Business investment relief allows foreign income or foreign capital gains to be brought to the UK for investment without triggering a remittance.

Investment must be made through either share or loan capital into a limited company engaged in trading, developing or letting property or research and development.

If monies are not invested immediately, they must be invested into a qualifying investment within 45 days of arriving in the UK.  Similar provisions apply with regards to exporting the funds on exit.

The relief can be claimed in conjunction with other reliefs, e.g. EIS.

 

Enterprise Investment Scheme (EIS) is available on investments into new, ordinary shares of unquoted, trading companies.

EIS reliefs include 30% Income Tax Relief, Capital Gains Tax (CGT) deferral on investment and CGT free exit provided the qualifying conditions are met throughout.

The shares must be held for at least three years.

In addition, if the venture fails, loss relief is available.

 

Entrepreneur’s relief has hitherto been available to individuals and trustees who dispose of shares of a trading company or the whole or part of a trading business.
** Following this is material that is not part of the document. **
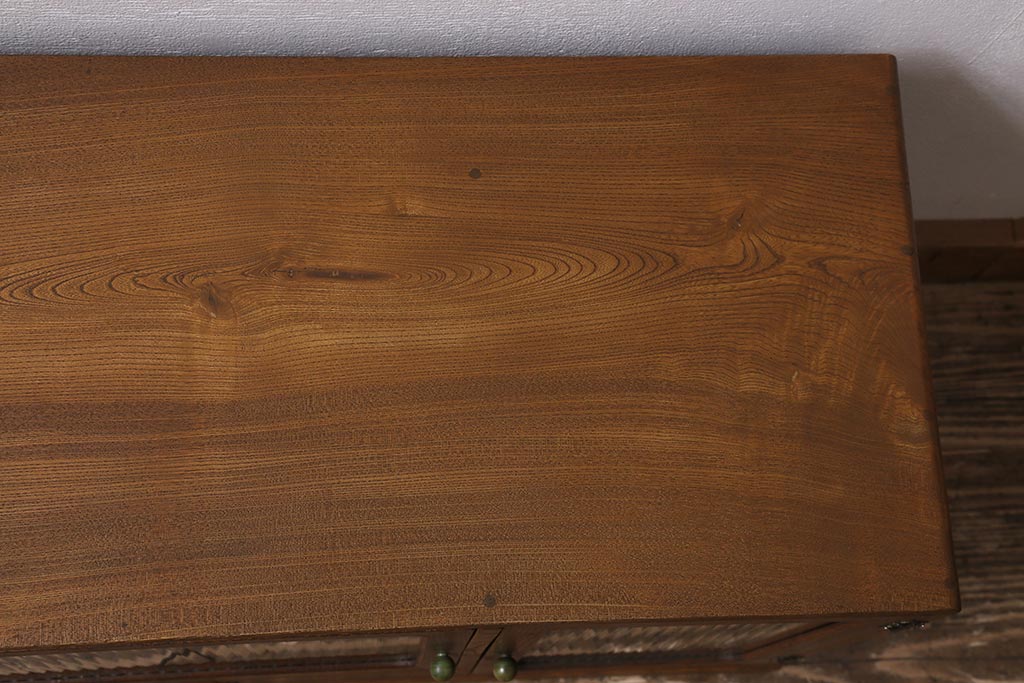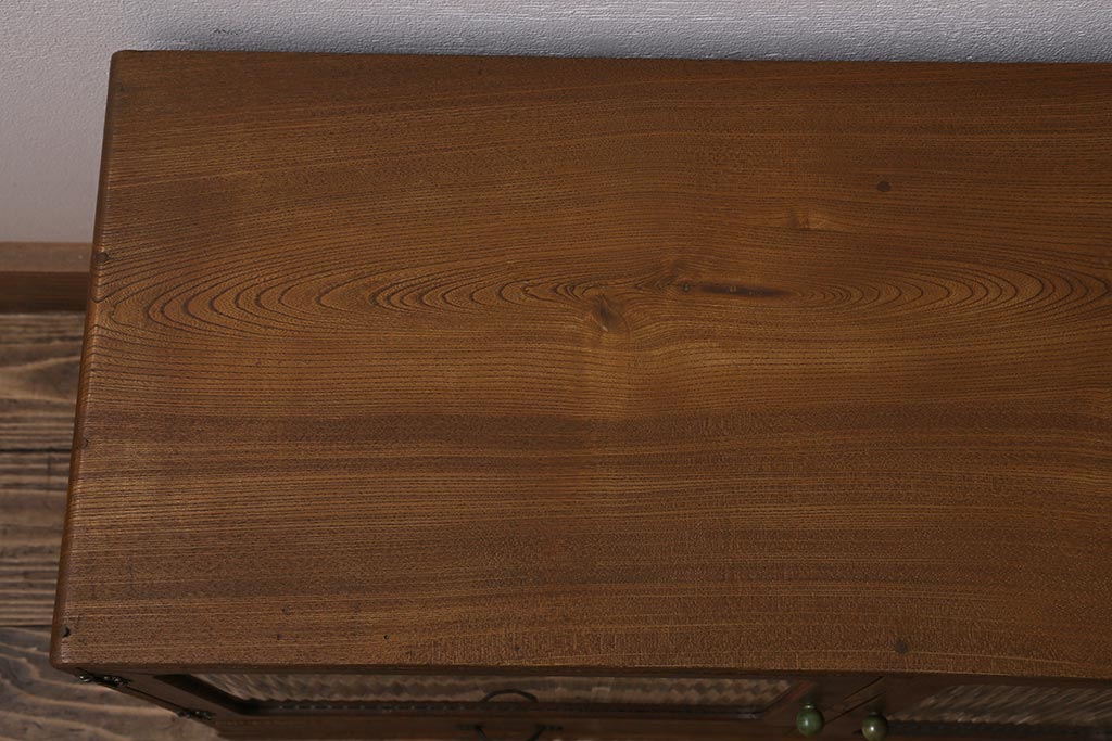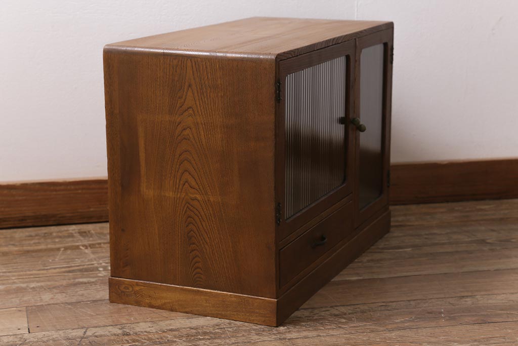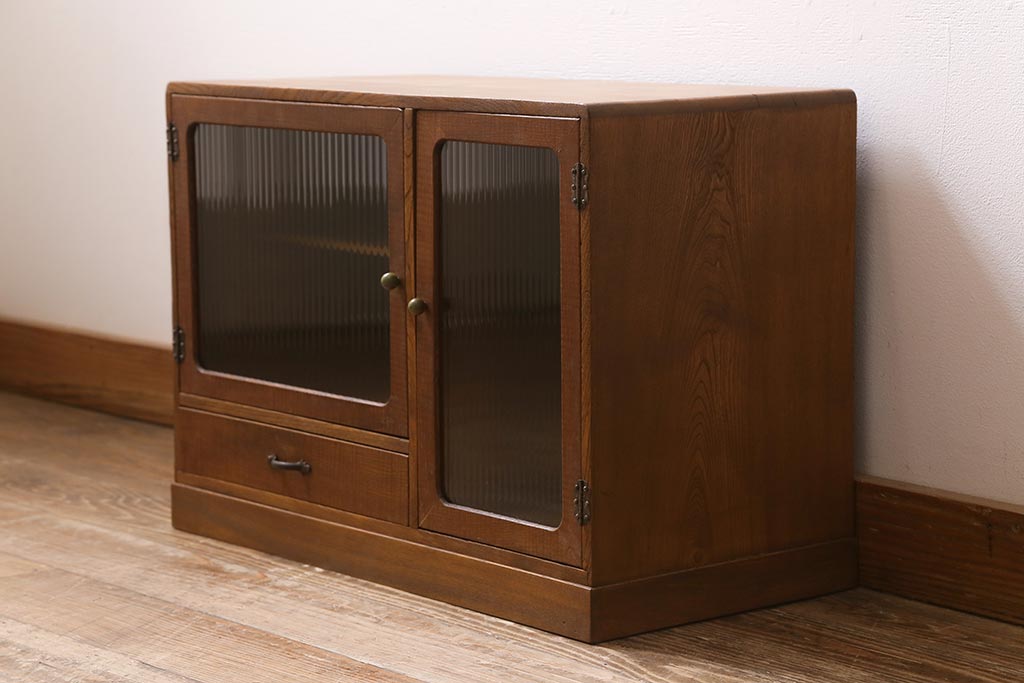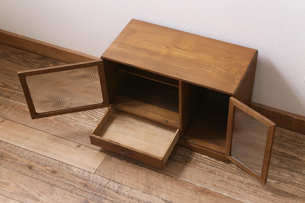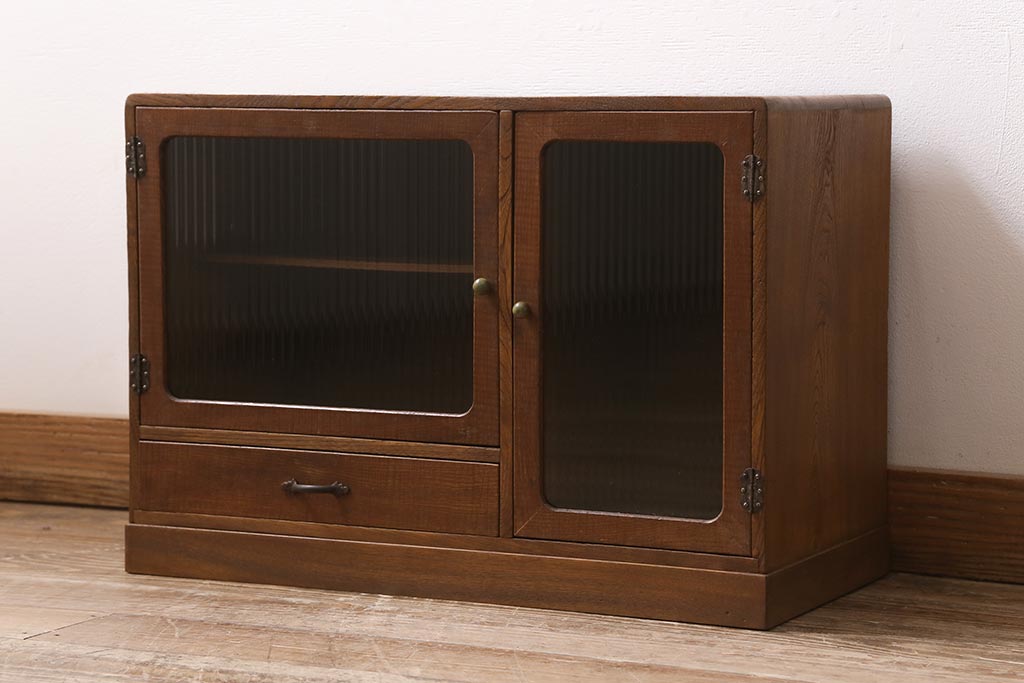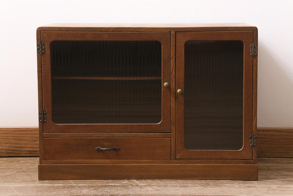 ビンテージ家具 栓材製 引き出し付き モールガラス 小さいレトロなガラス戸棚(収納棚)(R-043568)です。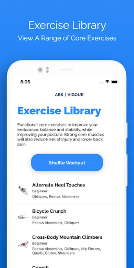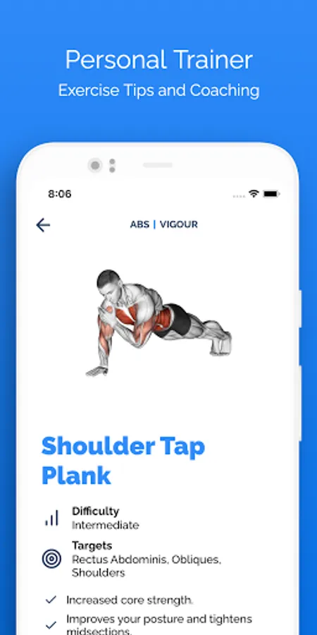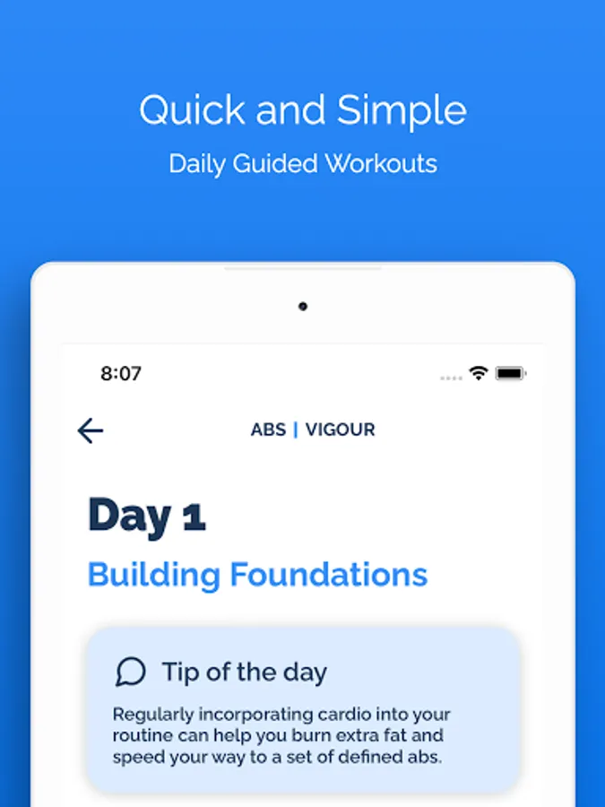Each plan is built to help your body adapt and improve while minimising risk of injury or burn out. Abs Trainer provides clear and easy-to-follow workouts to challenge all ability levels. Start today and take control of your body.

On a disposal of shares, the individual must have held at least 5% of the company’s ordinary share capital and be an officer or employee.  These conditions must have been met for at least 12 months.

Subject to the qualifying conditions, gains are then taxed at 10% (with a lifetime limit of £10 million of capital gains).

In the March 2016 Budget, the Government announced that entrepreneur’s relief will now be available to individuals who subscribe for new shares in qualifying companies after 17 March 2016 and hold the shares for at least three years (but are not officers or employees).

The limit is again £10 million of gains, but this is separate from the allowance for working shareholders.